● **WHAT IS NEEDED**: Below are some records; quote exactly the lines from the one that contains "piriform specc" through the one that contains "Son 7 gün içinde", inclusive, and no others.

● **DATA PROVIDED**:
══════
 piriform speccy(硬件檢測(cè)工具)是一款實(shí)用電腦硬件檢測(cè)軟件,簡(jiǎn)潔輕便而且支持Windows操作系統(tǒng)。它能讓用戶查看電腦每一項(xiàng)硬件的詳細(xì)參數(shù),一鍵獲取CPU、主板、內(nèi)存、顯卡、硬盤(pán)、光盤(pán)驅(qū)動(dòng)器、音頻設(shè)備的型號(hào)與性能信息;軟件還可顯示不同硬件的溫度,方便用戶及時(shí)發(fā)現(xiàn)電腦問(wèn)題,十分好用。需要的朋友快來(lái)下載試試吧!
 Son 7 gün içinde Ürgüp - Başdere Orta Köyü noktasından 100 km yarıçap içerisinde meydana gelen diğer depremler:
══════
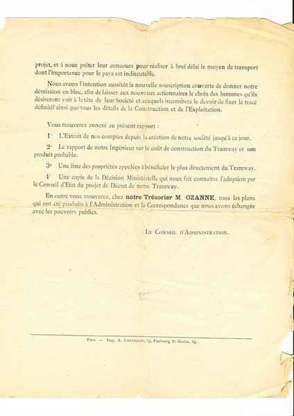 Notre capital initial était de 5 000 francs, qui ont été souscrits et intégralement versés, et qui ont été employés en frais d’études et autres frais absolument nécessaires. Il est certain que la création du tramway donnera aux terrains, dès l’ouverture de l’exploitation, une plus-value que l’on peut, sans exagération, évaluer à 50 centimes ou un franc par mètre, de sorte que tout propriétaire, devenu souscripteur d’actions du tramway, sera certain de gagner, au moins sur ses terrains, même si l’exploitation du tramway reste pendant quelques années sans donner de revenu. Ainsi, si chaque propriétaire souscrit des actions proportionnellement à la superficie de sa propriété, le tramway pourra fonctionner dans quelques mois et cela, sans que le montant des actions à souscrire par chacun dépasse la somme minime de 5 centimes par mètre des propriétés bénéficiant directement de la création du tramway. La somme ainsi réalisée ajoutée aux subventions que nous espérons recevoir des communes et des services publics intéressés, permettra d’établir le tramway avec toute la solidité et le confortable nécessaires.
══════
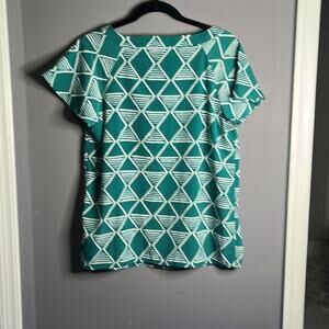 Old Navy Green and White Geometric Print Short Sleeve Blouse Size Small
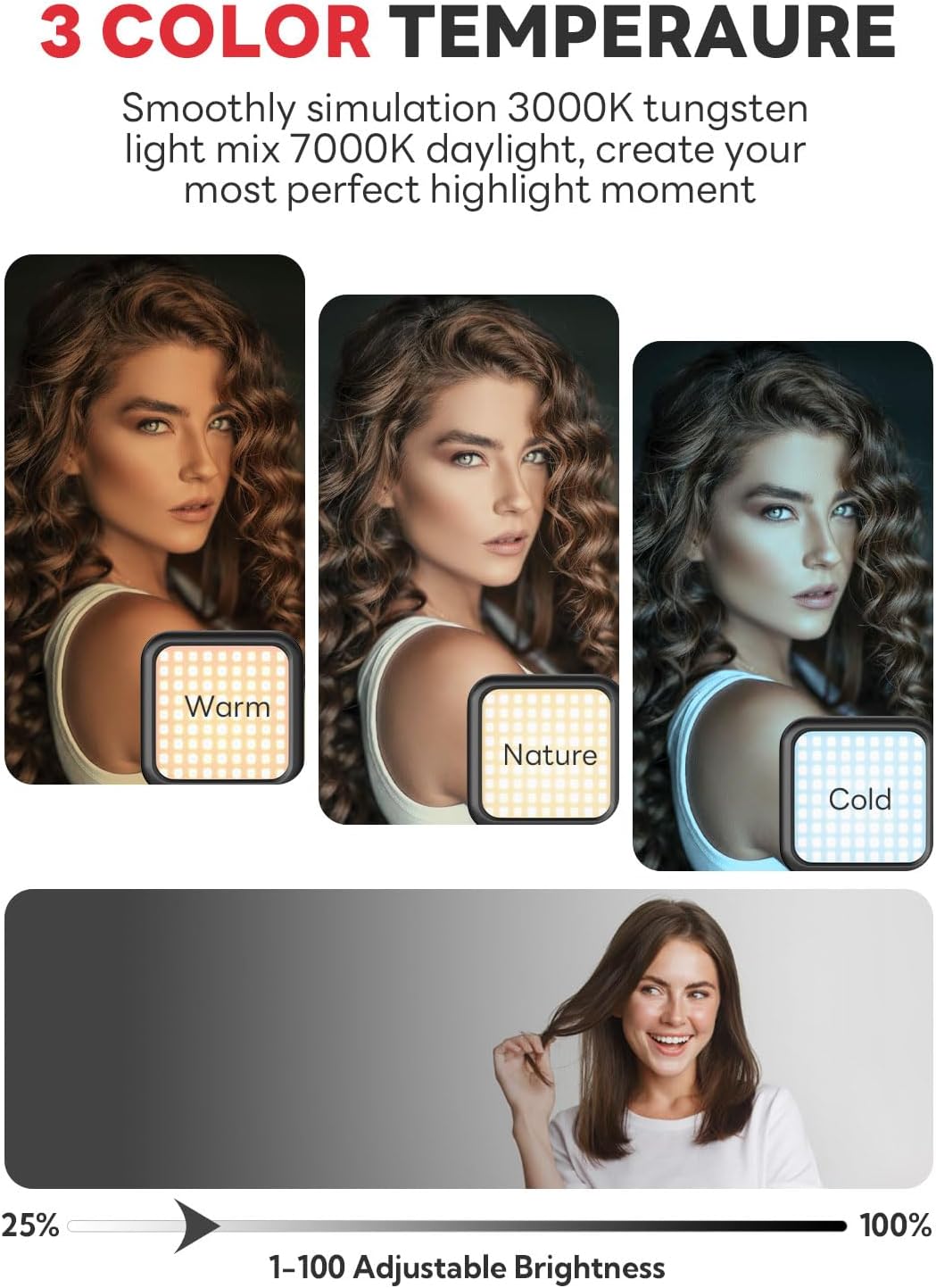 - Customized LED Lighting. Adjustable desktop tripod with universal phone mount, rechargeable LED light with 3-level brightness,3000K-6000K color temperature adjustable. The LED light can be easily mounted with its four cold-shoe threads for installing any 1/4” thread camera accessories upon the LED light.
══════
● **COMPLETED EXERCISE**:
 piriform speccy(硬件檢測(cè)工具)是一款實(shí)用電腦硬件檢測(cè)軟件,簡(jiǎn)潔輕便而且支持Windows操作系統(tǒng)。它能讓用戶查看電腦每一項(xiàng)硬件的詳細(xì)參數(shù),一鍵獲取CPU、主板、內(nèi)存、顯卡、硬盤(pán)、光盤(pán)驅(qū)動(dòng)器、音頻設(shè)備的型號(hào)與性能信息;軟件還可顯示不同硬件的溫度,方便用戶及時(shí)發(fā)現(xiàn)電腦問(wèn)題,十分好用。需要的朋友快來(lái)下載試試吧!
 Son 7 gün içinde Ürgüp - Başdere Orta Köyü noktasından 100 km yarıçap içerisinde meydana gelen diğer depremler:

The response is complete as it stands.